Atomic magnetometers used to make ultra-low field MRI

November 7, 2011—LANL researchers are developing a system to make ultra-low field magnetic resonance imaging (MRI) commercially viable for medical applications.

The researchers have been working on an ultra-low field MRI system using low temperature SQUIDS (supercomputing quantum interference devices). Ultra-low field MRI with low temperature SQUIDs in a shielded room has many potential advantages for medical imaging, such as convenience, enhanced contrast, and open design. However, the need for SQUIDs, associated cryogens (low temperature liquids used as refrigerants), and a shielded room made of a special metal alloy are significant drawbacks to a commercially viable system. A SQUID-based system is not cheap because SQUIDS require frequent attention, with cryogens having to be replenished.

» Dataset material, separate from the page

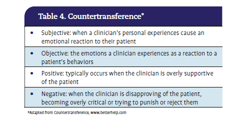 Countertransference is even more insidious. Countertransference is a psychological phenomenon in which clinicians unconsciously allow their personal feelings toward patients to dictate what those patients need (Table 4). Countertransference can be positive or negative. It is expected, normal, and will happen. It should not be a source of shame. It is the natural consequence of being a human caring for a human, and our medical knowledge does not mitigate countertransference. But if it goes unrecognized, countertransference can lead to both substandard care for the patient and burnout for the oncologist.
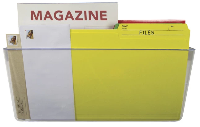 Storex Magnetic Wall File Pockets enhance the storage of any metal desk or filing cabinet. Extra-strong, heavy-duty magnets hold up to 5 lb. of weight to eliminate the need for drilling or adhesives. The back wall ensures that no paper – big or small – will slip between the cracks. Large, open-top design fits letter-size and legal-size papers and folders. Plastic material is free from PVC and BPA for safe, long-term use.

The team investigated alternative non-cryogenic detection methods and focused on substituting an atomic magnetometer (a tiny but sensitive low-power magnetic sensor) for SQUIDs in ultra-low field MRI. The substitution of a magnetometer and a flux transformer required the researchers to change the nuclear magnetic resonance frequency and increase the pre-polarization field strength of the system to obtain the needed sensitivity for imaging.

Advantages of the new system

Using this alternative method, the researchers reduced the time needed to take an MRI image. They obtained quality images of a hand with in-plane resolution of 2.5 x 2.5 mm2 after it was in the machine for only five minutes. Conventional commercial MRIs require that the body part being scanned remain immobilized in the machine for substantial periods of time while data for an image is collected. In addition, the new system achieves high sensitivity and good-quality imaging without a shielded room or any large-size structure. This makes the system cost-effective, convenient, compact, and portable.

The researchers believe that it may be possible to implement a high-sensitivity, multi-channel, non-resonant MRI detection system employing atomic magnetometers. This would make the image quality of ultra-low field MRI scanners comparable to other scanners used for anatomical imaging. Moreover, the multi-channel system would enable large-size imaging of the head, spine, or even whole body by covering the imaging area with an array of flux transformers connected to atomic magnetometers that operate independently. The hand image is only the first step in showing the feasibility of the non-cryogenic ultra-low field method of anatomical imaging.

Researchers include Igor Savukov, Todor Karaulanov, Petr Volegov, Andrei Matlashov, Michelle Espy, Algis Urbaitis, John Gomez, A. Castro, and Shaun Newman of the Laboratory's Applied Modern Physics group. The Journal of Magnetic Resonance published the work and featured it on the journal cover. The National Institutes of Health funds the research, which supports the Lab’s Global Security mission area and the Science of Signatures science pillar.